### MATERIAL SHOWN

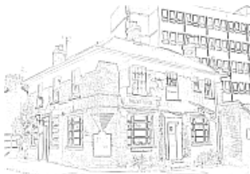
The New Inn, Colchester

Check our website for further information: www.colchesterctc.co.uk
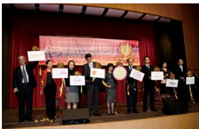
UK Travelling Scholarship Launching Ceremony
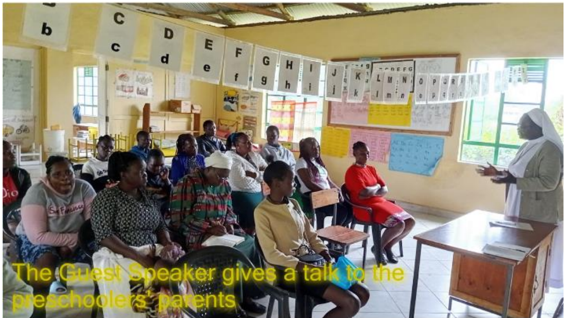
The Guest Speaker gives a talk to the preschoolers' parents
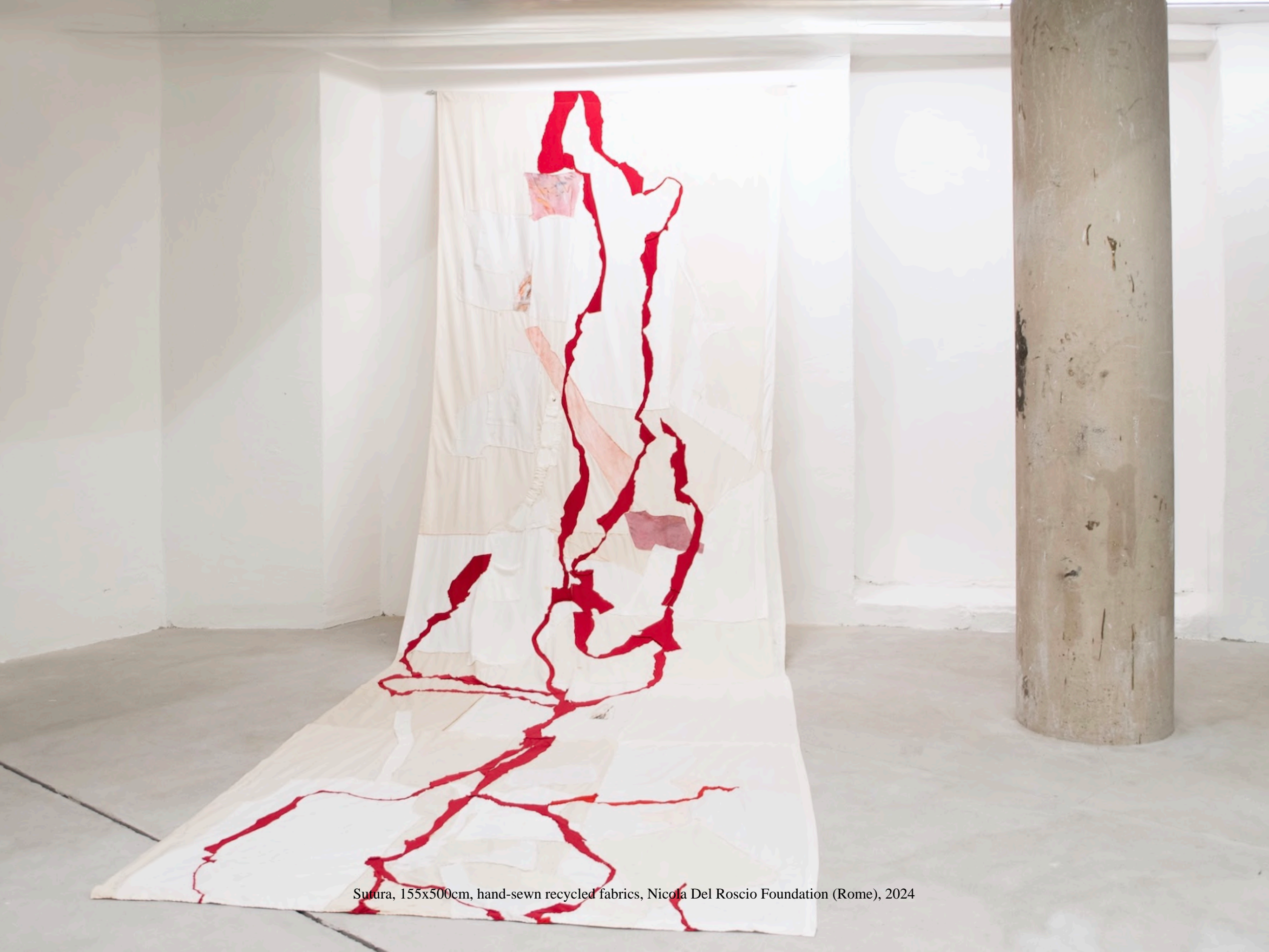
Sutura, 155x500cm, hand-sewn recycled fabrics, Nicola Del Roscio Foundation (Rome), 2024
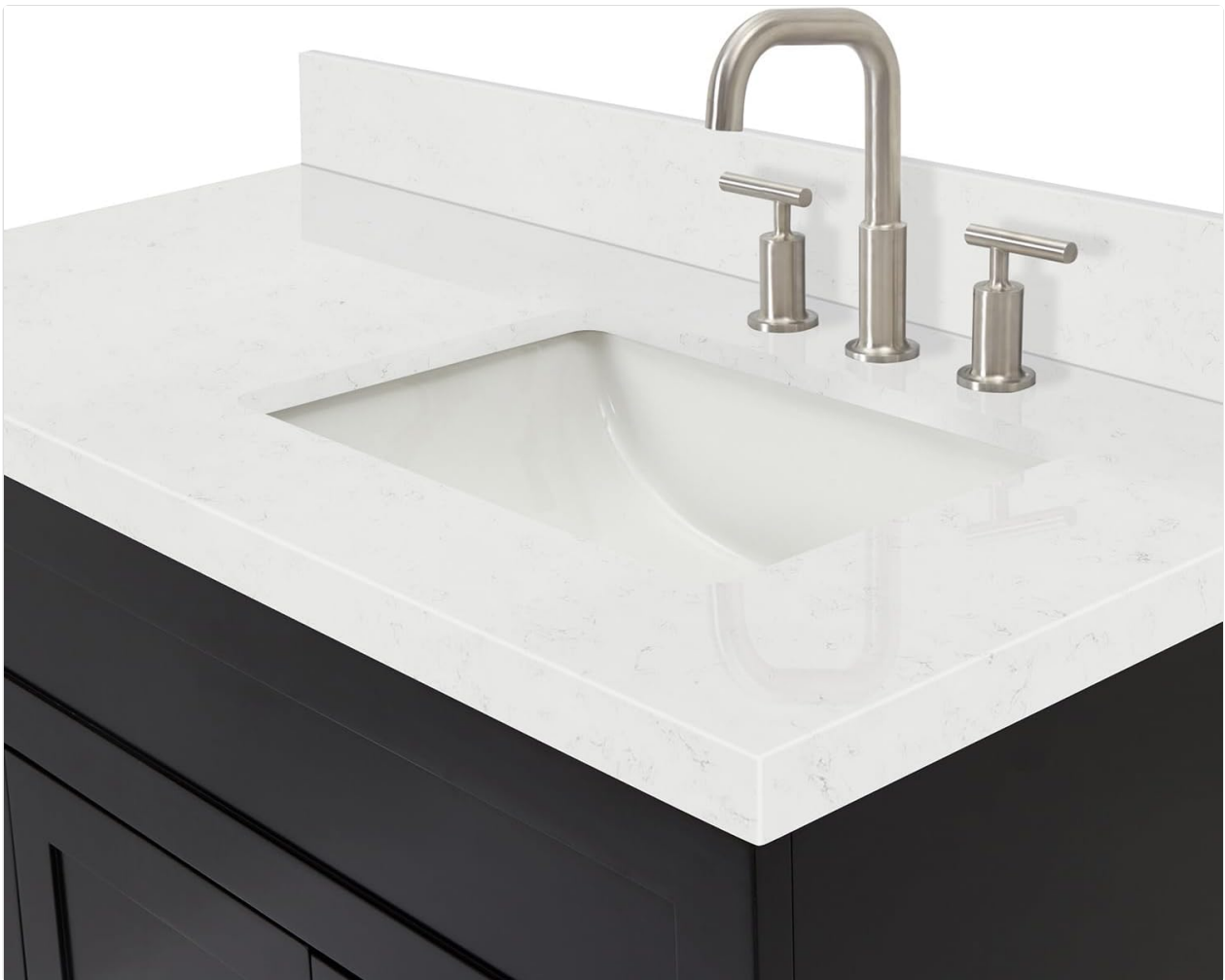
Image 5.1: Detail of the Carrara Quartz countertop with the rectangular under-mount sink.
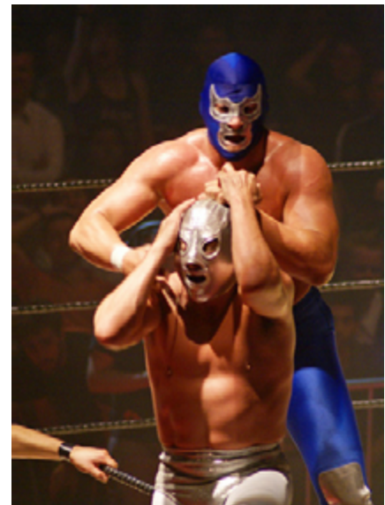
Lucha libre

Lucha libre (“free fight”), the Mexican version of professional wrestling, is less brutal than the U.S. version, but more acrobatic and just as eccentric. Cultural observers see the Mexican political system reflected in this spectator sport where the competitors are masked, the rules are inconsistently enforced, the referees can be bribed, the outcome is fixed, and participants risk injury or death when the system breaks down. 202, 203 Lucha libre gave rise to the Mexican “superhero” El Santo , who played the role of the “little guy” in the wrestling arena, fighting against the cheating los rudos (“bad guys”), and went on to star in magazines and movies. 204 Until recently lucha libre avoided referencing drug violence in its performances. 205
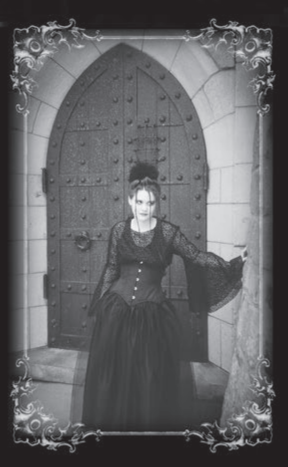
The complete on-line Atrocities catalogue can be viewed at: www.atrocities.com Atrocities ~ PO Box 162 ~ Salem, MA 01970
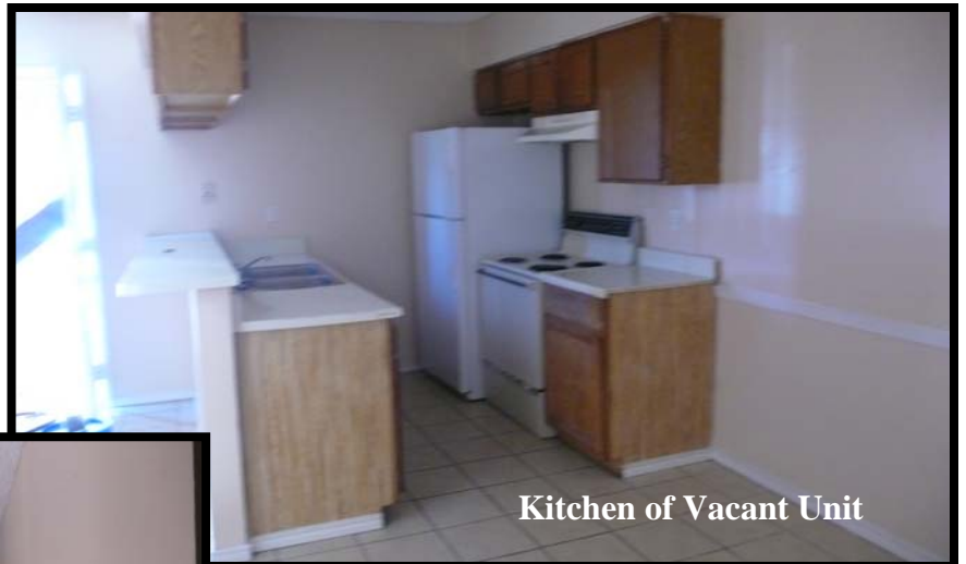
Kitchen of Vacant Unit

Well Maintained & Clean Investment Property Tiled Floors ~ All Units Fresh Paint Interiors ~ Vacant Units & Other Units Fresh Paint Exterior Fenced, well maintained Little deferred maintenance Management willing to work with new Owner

### WORK ORDER
Retype the whole listing exactly. Do not include the pictures.

### ANSWER TO THIS EXERCISE
The New Inn, Colchester

Check our website for further information: www.colchesterctc.co.uk
UK Travelling Scholarship Launching Ceremony
The Guest Speaker gives a talk to the preschoolers' parents
Sutura, 155x500cm, hand-sewn recycled fabrics, Nicola Del Roscio Foundation (Rome), 2024
Image 5.1: Detail of the Carrara Quartz countertop with the rectangular under-mount sink.
Lucha libre

Lucha libre (“free fight”), the Mexican version of professional wrestling, is less brutal than the U.S. version, but more acrobatic and just as eccentric. Cultural observers see the Mexican political system reflected in this spectator sport where the competitors are masked, the rules are inconsistently enforced, the referees can be bribed, the outcome is fixed, and participants risk injury or death when the system breaks down. 202, 203 Lucha libre gave rise to the Mexican “superhero” El Santo , who played the role of the “little guy” in the wrestling arena, fighting against the cheating los rudos (“bad guys”), and went on to star in magazines and movies. 204 Until recently lucha libre avoided referencing drug violence in its performances. 205
The complete on-line Atrocities catalogue can be viewed at: www.atrocities.com Atrocities ~ PO Box 162 ~ Salem, MA 01970
Kitchen of Vacant Unit

Well Maintained & Clean Investment Property Tiled Floors ~ All Units Fresh Paint Interiors ~ Vacant Units & Other Units Fresh Paint Exterior Fenced, well maintained Little deferred maintenance Management willing to work with new Owner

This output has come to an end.